> _SUPPLIED MATERIAL_:
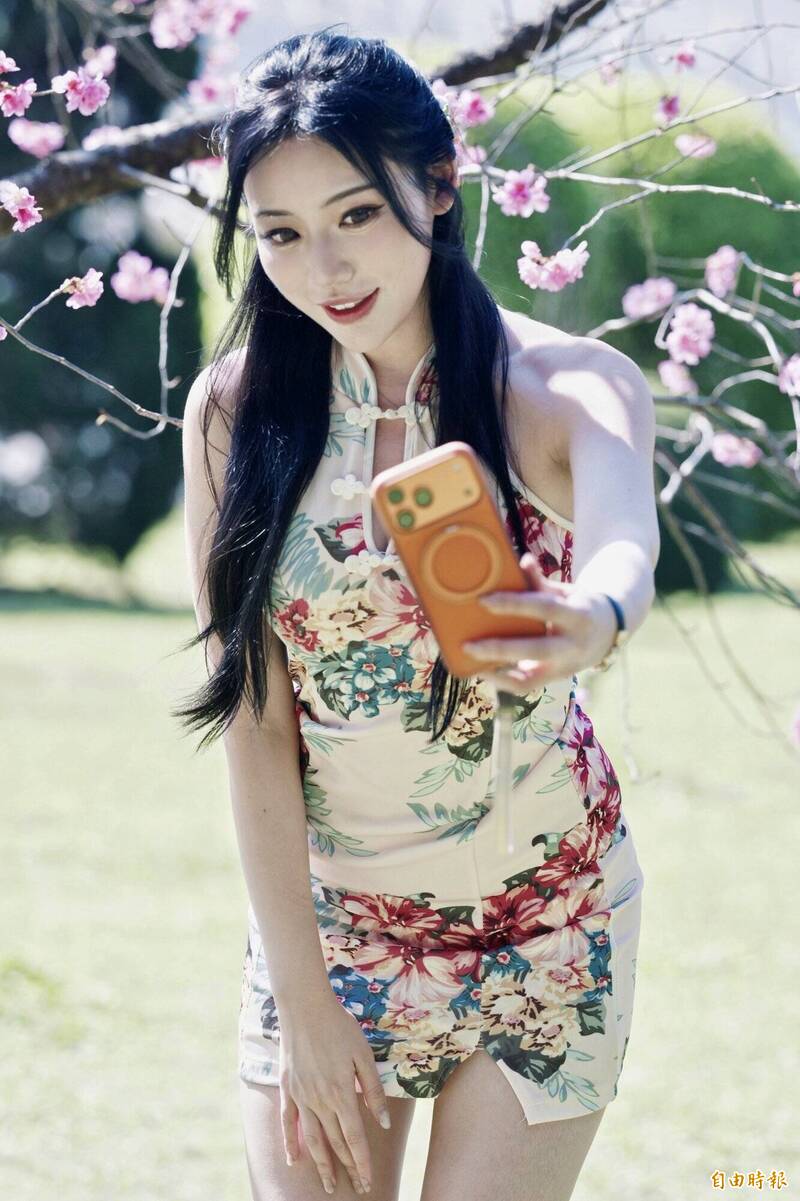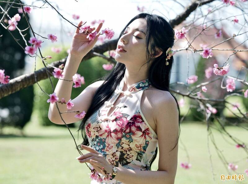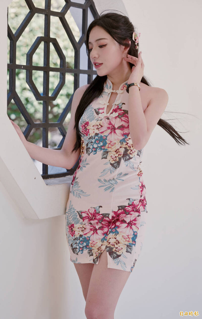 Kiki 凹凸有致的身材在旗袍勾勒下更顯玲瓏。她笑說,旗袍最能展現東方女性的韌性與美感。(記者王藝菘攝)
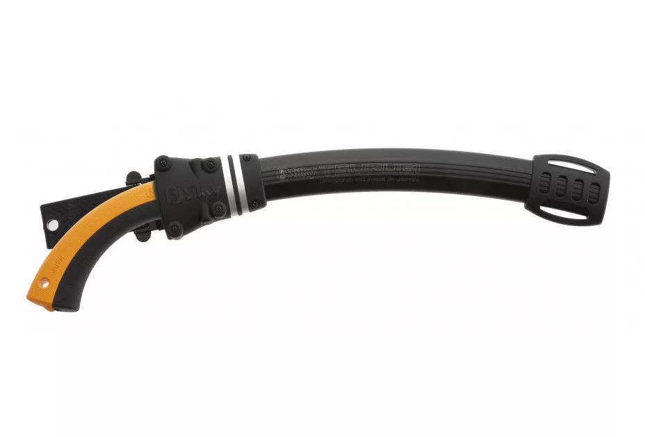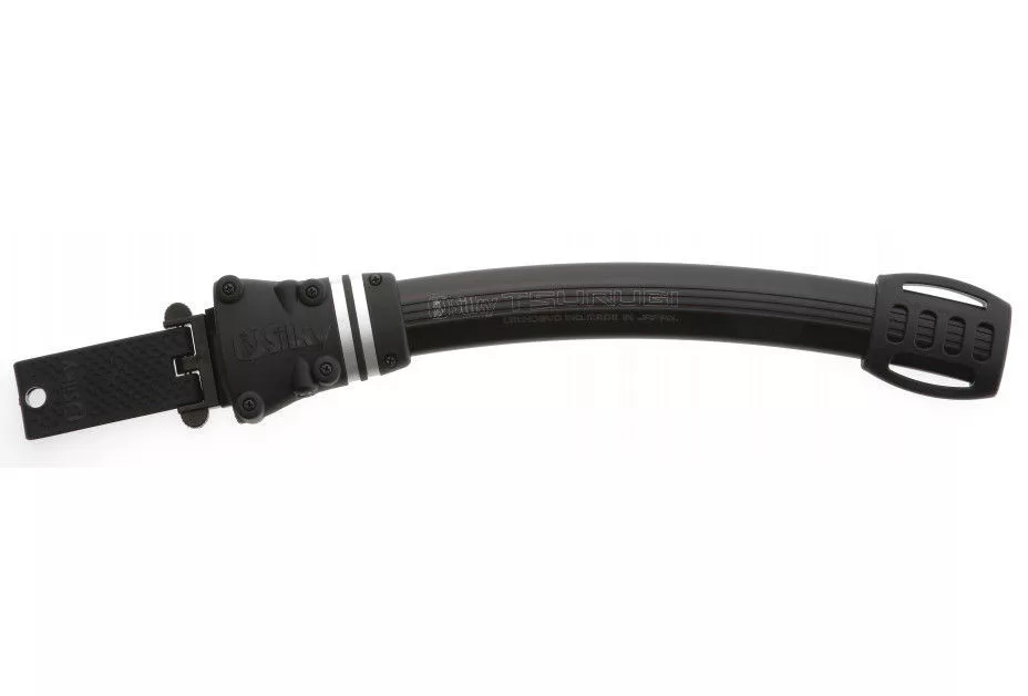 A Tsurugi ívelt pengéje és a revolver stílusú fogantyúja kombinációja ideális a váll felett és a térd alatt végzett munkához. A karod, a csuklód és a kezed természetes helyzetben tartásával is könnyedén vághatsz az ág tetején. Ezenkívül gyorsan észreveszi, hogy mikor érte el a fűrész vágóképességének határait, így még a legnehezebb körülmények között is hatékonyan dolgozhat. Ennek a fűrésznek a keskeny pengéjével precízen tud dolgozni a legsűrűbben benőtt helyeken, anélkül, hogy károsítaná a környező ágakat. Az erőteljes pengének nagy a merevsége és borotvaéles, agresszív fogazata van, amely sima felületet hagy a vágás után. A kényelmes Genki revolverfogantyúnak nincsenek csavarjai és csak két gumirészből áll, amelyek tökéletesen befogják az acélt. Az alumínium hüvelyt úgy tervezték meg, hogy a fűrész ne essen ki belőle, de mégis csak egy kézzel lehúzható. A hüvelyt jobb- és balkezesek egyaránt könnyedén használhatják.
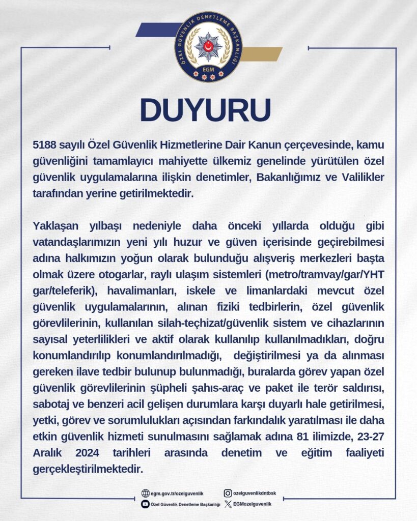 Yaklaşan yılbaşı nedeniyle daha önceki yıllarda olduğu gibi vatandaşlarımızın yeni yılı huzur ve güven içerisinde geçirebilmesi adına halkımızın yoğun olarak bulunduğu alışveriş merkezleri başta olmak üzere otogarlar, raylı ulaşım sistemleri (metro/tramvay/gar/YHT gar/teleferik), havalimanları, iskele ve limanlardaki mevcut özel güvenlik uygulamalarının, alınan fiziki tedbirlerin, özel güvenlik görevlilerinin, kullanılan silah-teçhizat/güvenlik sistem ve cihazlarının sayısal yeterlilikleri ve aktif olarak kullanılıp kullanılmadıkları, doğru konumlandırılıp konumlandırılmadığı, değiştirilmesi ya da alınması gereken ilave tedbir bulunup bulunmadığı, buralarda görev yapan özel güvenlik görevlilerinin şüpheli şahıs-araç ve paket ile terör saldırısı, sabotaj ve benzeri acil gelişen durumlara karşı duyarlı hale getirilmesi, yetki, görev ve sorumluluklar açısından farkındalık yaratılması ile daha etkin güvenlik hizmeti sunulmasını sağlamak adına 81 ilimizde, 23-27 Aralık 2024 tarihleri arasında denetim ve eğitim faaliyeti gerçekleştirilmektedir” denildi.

> _TASK PROMPT_: Exact copy, no pictures: please print the data above once more.

> _WRITTEN REPLY_:
 Kiki 凹凸有致的身材在旗袍勾勒下更顯玲瓏。她笑說,旗袍最能展現東方女性的韌性與美感。(記者王藝菘攝)
 A Tsurugi ívelt pengéje és a revolver stílusú fogantyúja kombinációja ideális a váll felett és a térd alatt végzett munkához. A karod, a csuklód és a kezed természetes helyzetben tartásával is könnyedén vághatsz az ág tetején. Ezenkívül gyorsan észreveszi, hogy mikor érte el a fűrész vágóképességének határait, így még a legnehezebb körülmények között is hatékonyan dolgozhat. Ennek a fűrésznek a keskeny pengéjével precízen tud dolgozni a legsűrűbben benőtt helyeken, anélkül, hogy károsítaná a környező ágakat. Az erőteljes pengének nagy a merevsége és borotvaéles, agresszív fogazata van, amely sima felületet hagy a vágás után. A kényelmes Genki revolverfogantyúnak nincsenek csavarjai és csak két gumirészből áll, amelyek tökéletesen befogják az acélt. Az alumínium hüvelyt úgy tervezték meg, hogy a fűrész ne essen ki belőle, de mégis csak egy kézzel lehúzható. A hüvelyt jobb- és balkezesek egyaránt könnyedén használhatják.
 Yaklaşan yılbaşı nedeniyle daha önceki yıllarda olduğu gibi vatandaşlarımızın yeni yılı huzur ve güven içerisinde geçirebilmesi adına halkımızın yoğun olarak bulunduğu alışveriş merkezleri başta olmak üzere otogarlar, raylı ulaşım sistemleri (metro/tramvay/gar/YHT gar/teleferik), havalimanları, iskele ve limanlardaki mevcut özel güvenlik uygulamalarının, alınan fiziki tedbirlerin, özel güvenlik görevlilerinin, kullanılan silah-teçhizat/güvenlik sistem ve cihazlarının sayısal yeterlilikleri ve aktif olarak kullanılıp kullanılmadıkları, doğru konumlandırılıp konumlandırılmadığı, değiştirilmesi ya da alınması gereken ilave tedbir bulunup bulunmadığı, buralarda görev yapan özel güvenlik görevlilerinin şüpheli şahıs-araç ve paket ile terör saldırısı, sabotaj ve benzeri acil gelişen durumlara karşı duyarlı hale getirilmesi, yetki, görev ve sorumluluklar açısından farkındalık yaratılması ile daha etkin güvenlik hizmeti sunulmasını sağlamak adına 81 ilimizde, 23-27 Aralık 2024 tarihleri arasında denetim ve eğitim faaliyeti gerçekleştirilmektedir” denildi.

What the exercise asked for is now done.